Xiaoxiong · 17/11/2021 11:57

I wouldn't say it's all false and he's not really your friend. However it's clear that he is a brother to your exH first, and your friendship doesn't take priority over their sibling relationship.

Winniemarysarah · 17/11/2021 11:58

He’s in an awkward position. From the sounds of things if he wasn’t related to your oh then he’d be a great friend. As it is, you’re with his brother so he has to put up some boundaries due to family loyalty just in case you ever split up, which is what’s actually happened. Girlfriends are potentially only temporary where his brother is for life. He’s chosen for you to feel awkwardness over his brother which is not necessarily a poor decision.

Triffid1 · 17/11/2021 12:23

Yes, blood is thicker than water. I'd say that if he always gives you the cold shoulder when you and your OH were fighting, that is distinctly odd and inappropriate and would have had me questioning the relationship long before now. But now that you're splitting up, of course he is not going to be close to you and he certainly isn't going to be listening to you listing your OH's faults etc.

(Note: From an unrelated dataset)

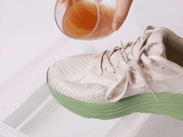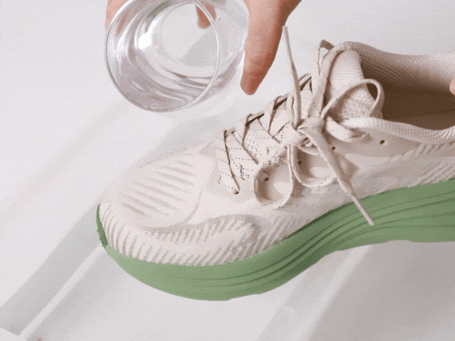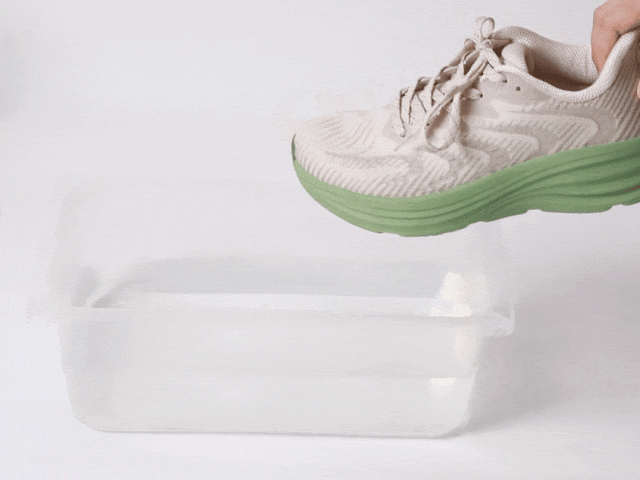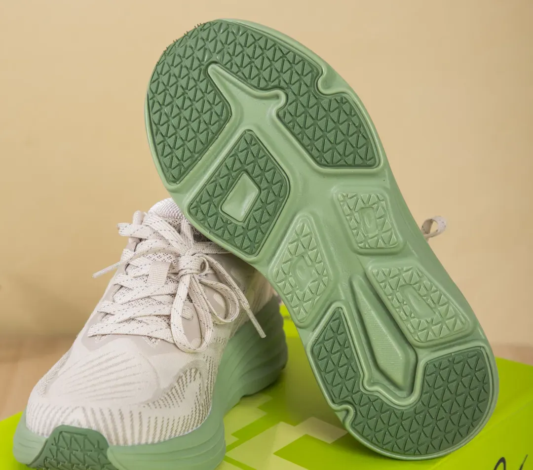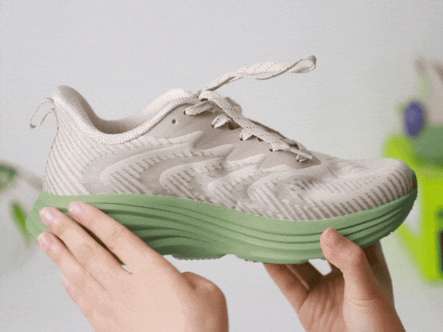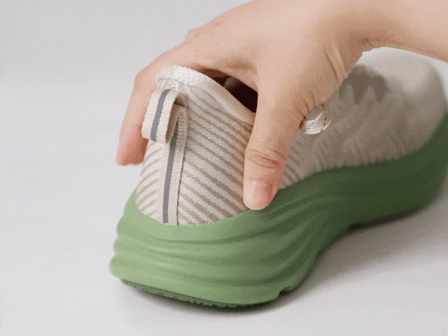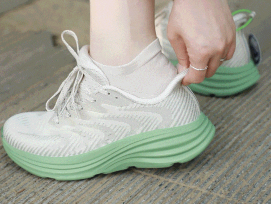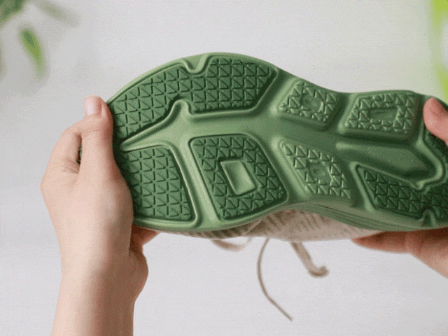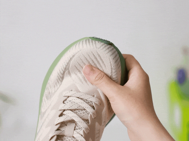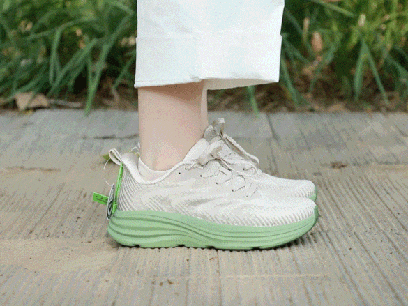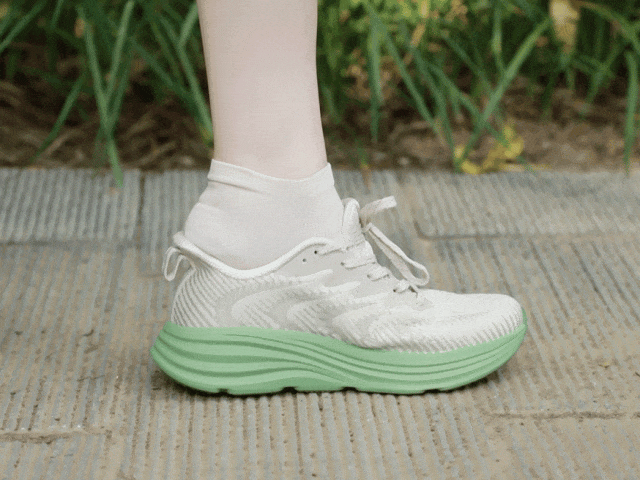 EVA+橡胶混合发泡科技,让鞋底像蓬松蛋糕般发泡膨胀,脚一压就弹出QQ糖般的软弹感,既有踩屎般的软糯,又有稳稳的支撑,不震脚掌,不晃膝盖。

Bluntness100 · 17/11/2021 14:48

@Xiaoxiong

I wouldn't say it's all false and he's not really your friend. However it's clear that he is a brother to your exH first, and your friendship doesn't take priority over their sibling relationship.
This.
sweeneytoddsrazor · 17/11/2021 15:07

Not false but not as strong as his relationship with his brother. As to who is telling him about the problems well that would be his DB which is neither wrong or unusual. Nobody would bat an eyelid at a woman discussing her problems with her sister why should 2 brothers not discuss theirs?